Что ж, сказано, конечно, затейливо, наверное, позаковыристей варламовской мамашки, да только Колюня-Волнорез готов за Шатуна расшибиться в лепёшку.
* * *В 8:47, когда к нижним раздвижным воротам подошёл купеческий караван, Раз-Два-Сникерс дала отмашку на начало шлюзования. Колюня-Волнорез лично возглавил группу досмотра. Среди лодок, готовых войти в камеру шлюза и занять своё место у рыма, была и та, что, по разумению Колюни, являлась тяжёлым одномачтовым швертботом. На бортах, корме и на спассредствах красовалась выведенная яркими буквами надпись «Скремлин II». Всё по правилам, согласно Речному кодексу.
— Ну и название, — поморщился Колюня. И выдал своё третье за утро умозаключение: — Как корабль назовёшь, так оно и поплывёт.
Пожалуй, это «оно» даже заслуживало отдельного оплёвывания.

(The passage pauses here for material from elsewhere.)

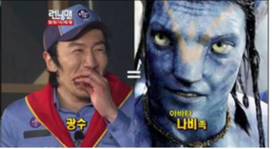 큰 키에 파란색 옷을 입어 아바타와 싱크로율 100%를 자랑한 이광수는 영화 속 아바타를 흉내내는 재치를 발휘해 출연진들은 물론 시청자들까지 큰 웃음을 선사했다.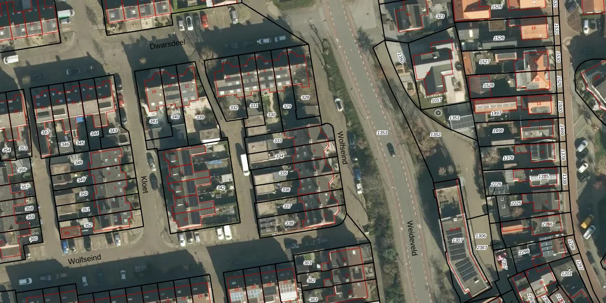 Gebruik de zoekbalk of klik op een perceel voor informatie over de adressen binnen dit perceel.

* * *В 10:53 с досмотром и шлюзованием было покончено. Верхние ворота шлюза ушли под воду, открывая лодкам выход в Длинный бьёф. Раз-Два-Сникерс стояла у смотрового окна диспетчерской башни и задумчиво глядела на отчаливающий караван. Обычно она выходила на улицу, особенно в такой погожий денёк, сейчас же, напротив, отступила на шаг в тень, чтобы её невозможно было увидеть с воды. Обычно в подобные минуты она курила трубку с длинным мундштуком или перебирала чётки. Курила Раз-Два-Сникерс крайне редко и не какой-то дешёвый самосад или махорку, а дорогие дмитровские смеси из настоящего табачного листа, по праздникам или когда требовалось прочистить мозги. Так же и с чётками: они помогали сосредоточиться. Перебирание костяшек порой наталкивало на неожиданные мысли, отстранённое созерцание вызволяло скрытые связи между вещами. Сейчас всего этого, наверное, пока не требовалось, но…
— Что же ты ему сказал? — вдруг произнесла Раз-Два-Сникерс.
С документами у всех лодок оказался порядок. Никакого подозрительного груза и вообще ничего подозрительного. Лодки Бузина, одна лодка дубнинской артели производителей сидра, и ещё тяжёлая лодка, единственная, что несла мачту и пригодная для плавания по широкой воде, — «Скремлин II». Раз-Два-Сникерс знала лично и капитана, и официального нанимателя. Невзирая на свои миниатюрные размеры, она питала слабость к крупным мужчинам, которых на канале можно было сосчитать по пальцам, и до Шатуна была с Ваней-Подарком. Они чуть не наделали глупостей, чуть не поженились, привязав свой замочек у памятника Ленину и бросив ключ на дно канала. Но беременность у Раз-Два-Сникерс оказалась ложной, и она выбрала то, что выбрала.
Возможно, она всё реже вспоминала те деньки, но, скорее, с удивлением, тем более что уже давно поздновато что-либо менять и о чём-либо сожалеть. Однако вовсе не из-за боязни встретиться со своим бывшим Раз-Два-Сникерс предпочла схорониться в тень. Возможно, она даже вышла бы и поболтала с ним, тем более было видно, что команда «Скремлина II» никуда особо не торопится, если бы… Лицо Раз-Два-Сникерс застыло. Если бы не пока ещё слабенький голосок интуиции, который, однако, редко её подводил.